Mais importante ainda, as áreas do cérebro nas quais a cognição social, a Teoria da Mente, o RND e os psicodélicos se sobrepõem são o Córtex Cingulado Anterior (ACC) associado à autoperspectiva (autoavaliação) e o Córtex Cingulado Posterior (PCC) associado à autobiografia memória. O fato de essas áreas do cérebro estarem ativas quando tomamos psicodélicos e quando pensamos em nós mesmos e nos outros indica que a autoperspectiva e a memória autobiográfica são as funções cerebrais que conectam essas redes.

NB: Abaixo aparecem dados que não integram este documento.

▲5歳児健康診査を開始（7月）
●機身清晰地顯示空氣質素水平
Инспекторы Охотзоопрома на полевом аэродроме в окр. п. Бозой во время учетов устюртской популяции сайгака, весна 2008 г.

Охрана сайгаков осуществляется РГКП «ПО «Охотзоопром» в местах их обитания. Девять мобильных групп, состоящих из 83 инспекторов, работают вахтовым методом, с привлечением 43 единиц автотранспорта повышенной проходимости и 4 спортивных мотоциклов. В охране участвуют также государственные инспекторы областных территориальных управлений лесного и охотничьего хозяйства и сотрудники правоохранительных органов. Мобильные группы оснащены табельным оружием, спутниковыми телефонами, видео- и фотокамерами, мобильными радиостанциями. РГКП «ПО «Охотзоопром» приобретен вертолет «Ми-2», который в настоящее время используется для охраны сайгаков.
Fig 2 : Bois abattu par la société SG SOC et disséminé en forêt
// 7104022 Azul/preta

Essas descobertas apóiam a ideia de que, como humanos, estamos predispostos a pensar socialmente (cognição social) por padrão, e isso pode ocorrer porque a maneira como nos definimos está intimamente relacionada às nossas memórias autobiográficas e autopercepção.

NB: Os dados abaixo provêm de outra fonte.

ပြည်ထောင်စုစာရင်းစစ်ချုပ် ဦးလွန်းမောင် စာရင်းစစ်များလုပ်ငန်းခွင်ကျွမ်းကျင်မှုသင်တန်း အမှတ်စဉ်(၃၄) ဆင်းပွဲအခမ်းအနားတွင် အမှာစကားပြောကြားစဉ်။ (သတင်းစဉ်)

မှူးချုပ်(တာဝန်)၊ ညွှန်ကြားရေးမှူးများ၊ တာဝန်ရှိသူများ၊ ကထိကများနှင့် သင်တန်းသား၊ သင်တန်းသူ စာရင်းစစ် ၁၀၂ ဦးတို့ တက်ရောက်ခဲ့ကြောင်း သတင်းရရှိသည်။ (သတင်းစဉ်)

É importante mencionar que os psicodélicos afetam outras regiões do cérebro que não foram analisadas neste estudo, e essas áreas, que desempenham um papel na autoconsciência, na tomada de decisões e no planejamento, podem ter um efeito indireto na autopercepção e no pensamento .

Potencial terapêutico dos psicodélicos

A análise sugere que os psicodélicos podem ter potencial terapêutico para condições marcadas por déficits na cognição social e na teoria da mente, como transtornos do espectro do autismo, transtorno bipolar e doenças neurodegenerativas, como Parkinson e Alzheimer.

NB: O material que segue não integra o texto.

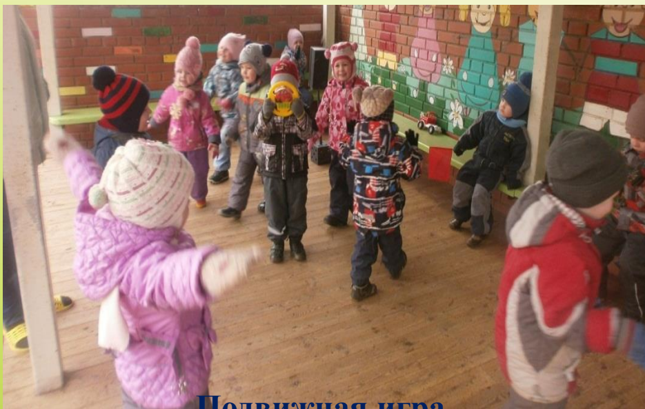
Подвижная игра «Воробушки и автомобиль»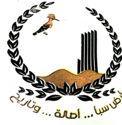
مصنع أرض سبأ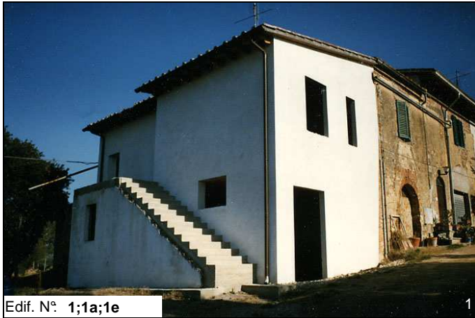
Edif. N° 1;1a;1e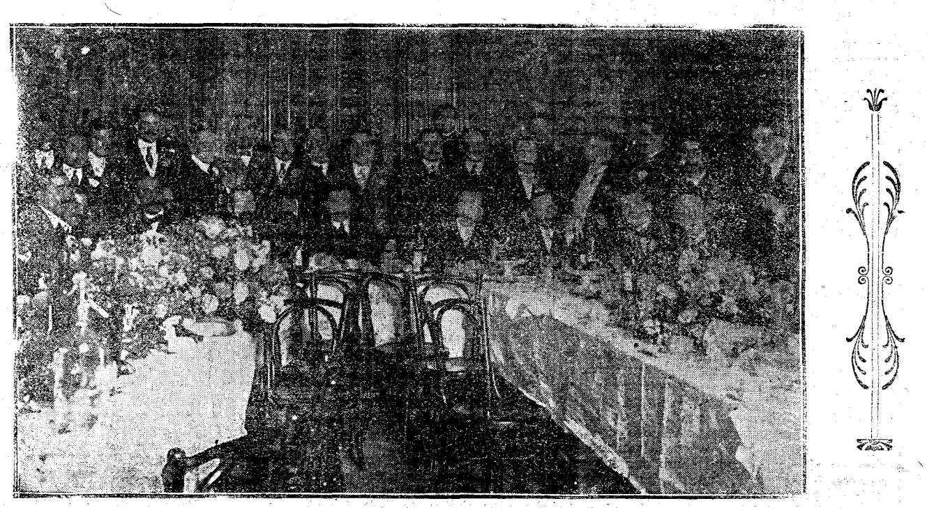
MADRID.—INAUGURACIÓN DEL CASINO DE LEVANTE

En la estación del Mediodía se reunieron toda la familia real y numerosa representación de los elementos oficiales y palatinos, que tributaron al Monarca una afectuosa despedida.

Nessas condições, as pessoas têm dificuldades tanto em compreender a si mesmas quanto em interagir e compreender os outros, ou em interpretar pistas sociais e ter empatia com os outros. O comprometimento dessas funções pode afetar a capacidade das pessoas de formar relacionamentos significativos, envolver-se em interações sociais e atuar em situações sociais. A capacidade dos psicodélicos de afetar áreas do cérebro associadas à cognição social e ToM pode potencialmente melhorar a capacidade de pessoas com déficits nessas funções cerebrais de entender e se relacionar com os outros.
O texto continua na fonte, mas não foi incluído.